Recommendation 3: Implement evidence‐based interventions and create systems change to reduce disparities. The learning community focused on identifying and reducing disparities in three specific areas along the breast cancer continuum: screening, follow‐up time between abnormal screening and treatment initiation, and the delivery of quality treatment. The learning community also utilized the Plan, Do, Study, Act (PDSA) quality improvement model developed by the Institute for Healthcare Improvement to help state teams implement sustainable systems change with the cooperation of different healthcare stakeholders.

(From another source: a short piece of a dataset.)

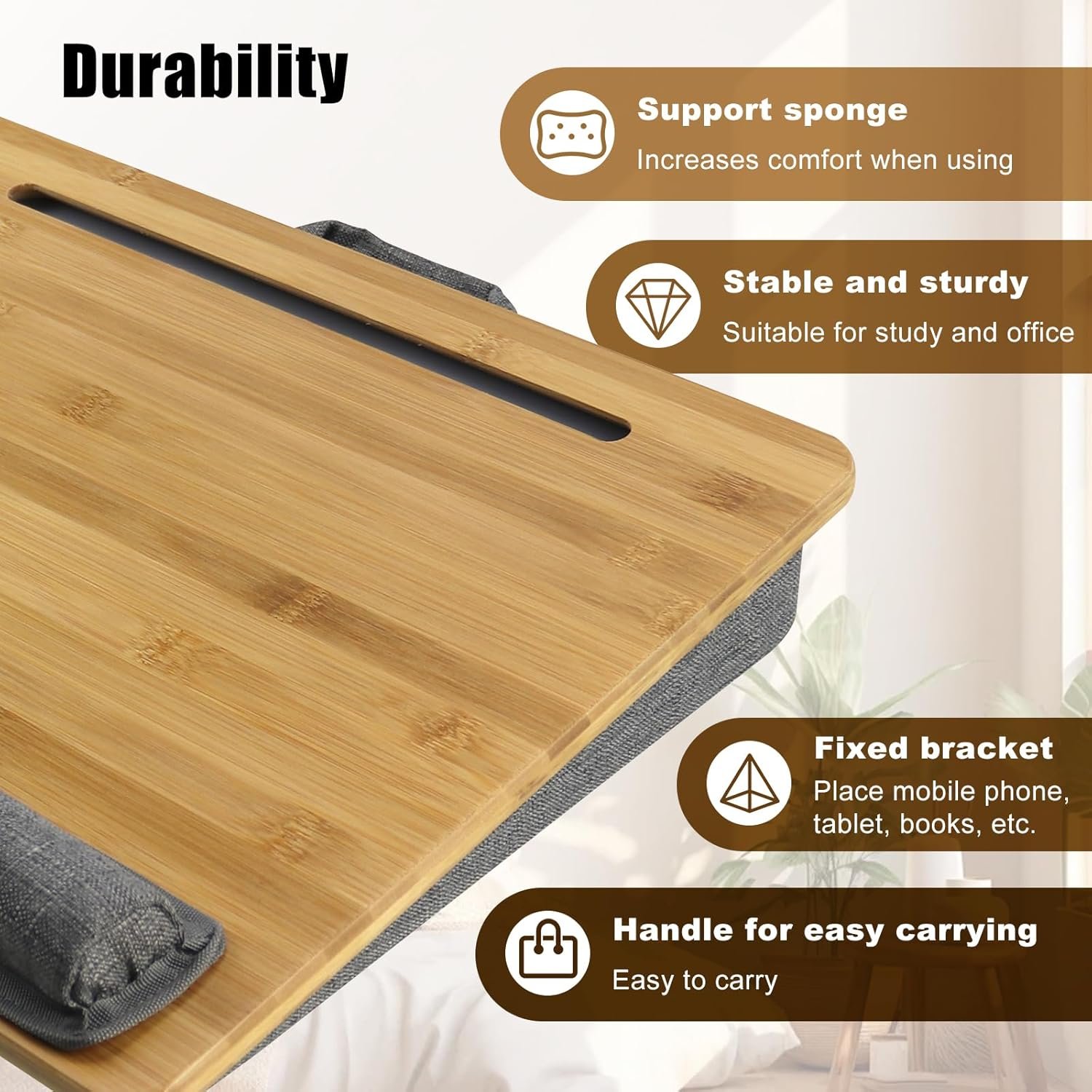 PORTABLE & ECO-FRIENDLY:Crafted from durable bamboo, this lap desk is not only sturdy but also environmentally friendly. Its lightweight construction and carry handle ensure portability for use at home, in the office, or while traveling, providing a natural and practical workspace solution

Year three was focused on sustainability and the expansion of this toolkit into a comprehensive roadmap to implement health equity interventions to address breast cancer mortality. As you will see, the toolkit is geared toward public health agencies who have prioritized health equity but outlines the contributions of various stakeholders who support efforts to move the needle on the prevalence and incidence of breast cancer mortality. We found that active involvement of executive leadership, including commissioners, division and branch directors, executives, senior program managers, and supervisors, and the expertise of programmatic staff best positioned funded states implement these interventions. View ASTHO Templates and Tools »
Geospatial Analysis
The toolkit will also detail the ways in which public health agencies and their community and clinical stakeholders applied GIS mapping techniques to tell a story about the unique and complex challenges to reduce breast cancer disparities. Through recommendations, case studies and a host of resources, you will find a number of examples from the learning community and beyond on geospatial and hotspot analysis. State teams found that by utilizing GIS technology to mobilize support, their strategic decisions were guided by sound, relevant and timely data. Their careful data dissection and investigation of community-based root causes systematically addressed imbalances in the availability of services, drive times and distance to facilities, public transportation barriers and other forms of health inequities.